Pak put a fine point on the apparent motive:
- “As a medical professional, Dr. Burton violated both his legal and ethical responsibilities when he knowingly wrote hundreds of illegal opioid prescriptions in exchange for sexual favors.”
Authorities caught on to Burton when they realized he was dispensing prescriptions for opioids even though he didn’t have a medical clinic or regular list of patients. Here’s the description released by Pak’s office:
- “Over a roughly two-year period beginning in July 2015, Burton wrote over 1,500 prescriptions for controlled substances – including over 1,100 prescriptions for opioid painkillers such as oxycodone, hydrocodone, and methadone – irrespective of any legitimate medical purpose and outside the normal course of professional practice.

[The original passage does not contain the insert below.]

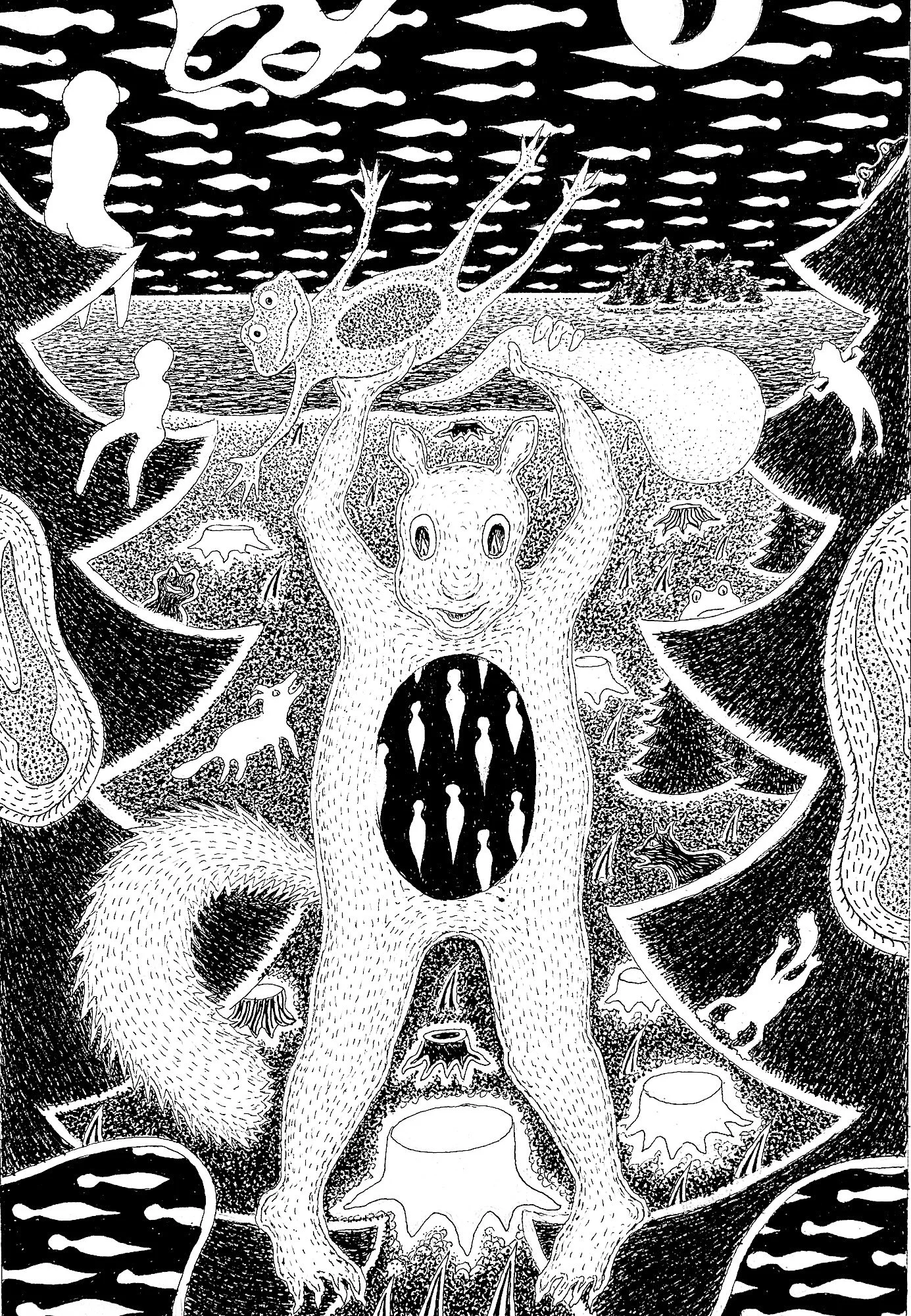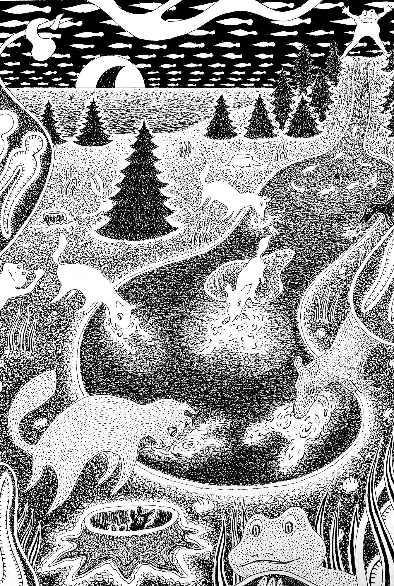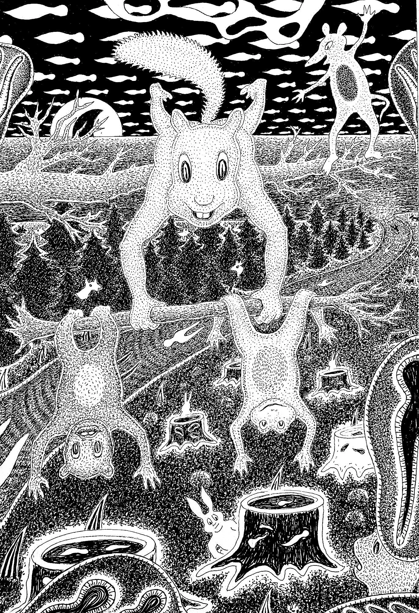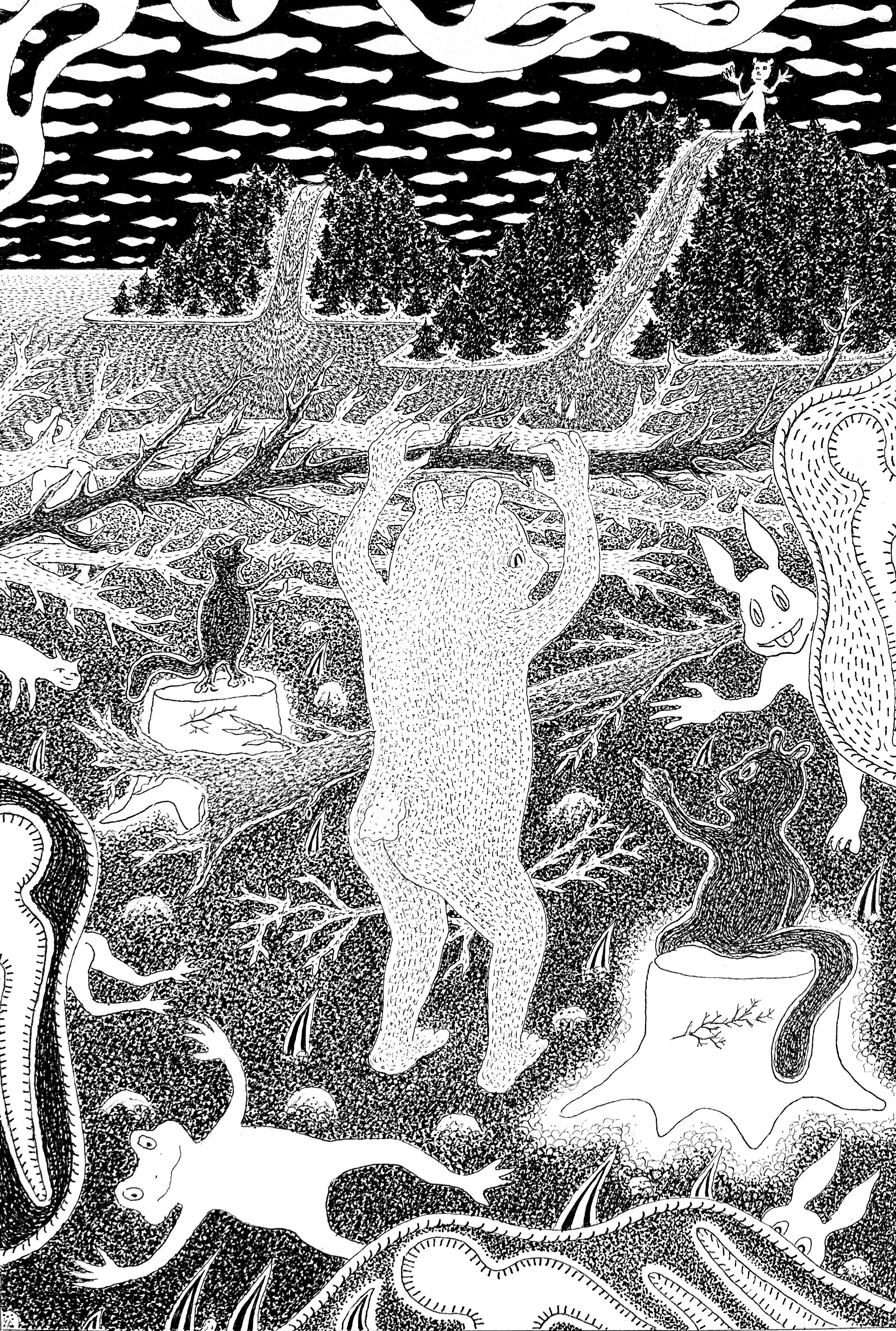 The drawings in Twilight Gatherings serve as both reflections and interpretations of a convoluted voice in a likewise convoluted world. Using pen and paper, reality and perception are synthesized through the creative process, incorporating imagination, observation, and nostalgia. Each drawing takes place in an otherworldly landscape where animals, forest creatures, spirits, and lost souls gather. Where a celestial armada of tadpole-like comets fills the skies, tree stumps and woodlands fill the grounds, and waterways envelop the landscape. These are all elements of my earlier drawings that are still evident.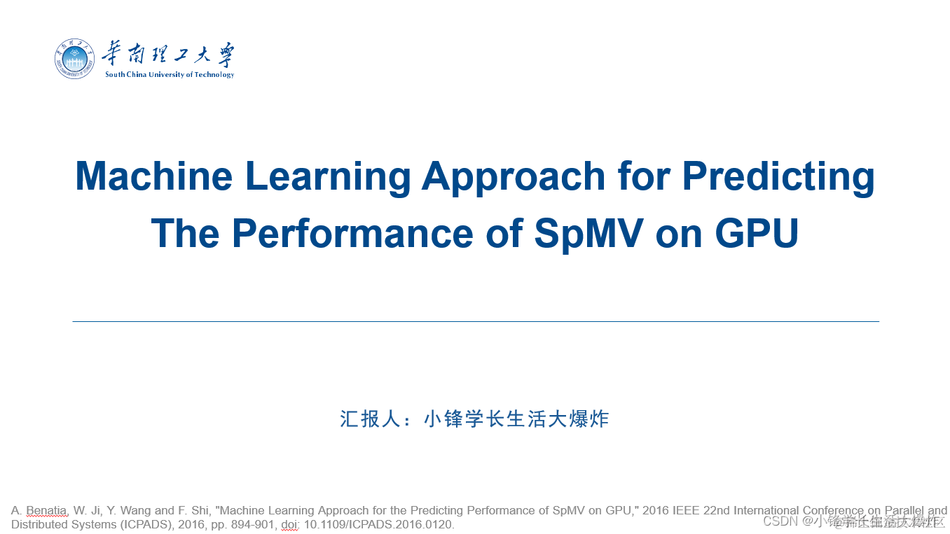 矩阵向量乘法的性能跟矩阵的稀疏性和硬件有关,作者从这两个方面出发,在两种不同的GPU上,分别使用支持向量回归和多层感知机算法,来预测几种稀疏格式的SpMV性能。

- “These illegitimate prescriptions amounted to over 108,000 individual doses of opioids, including over 66,000 30 mg oxycodone pills.
- “Burton wrote the bulk of these prescriptions to women in exchange for sexual favors and romantic affection. With his knowledge, many of the recipients of these prescriptions, in turn, sold or bartered the prescriptions. The approximate street value of the oxycodone pills that Burton prescribed exceeds $2 million.”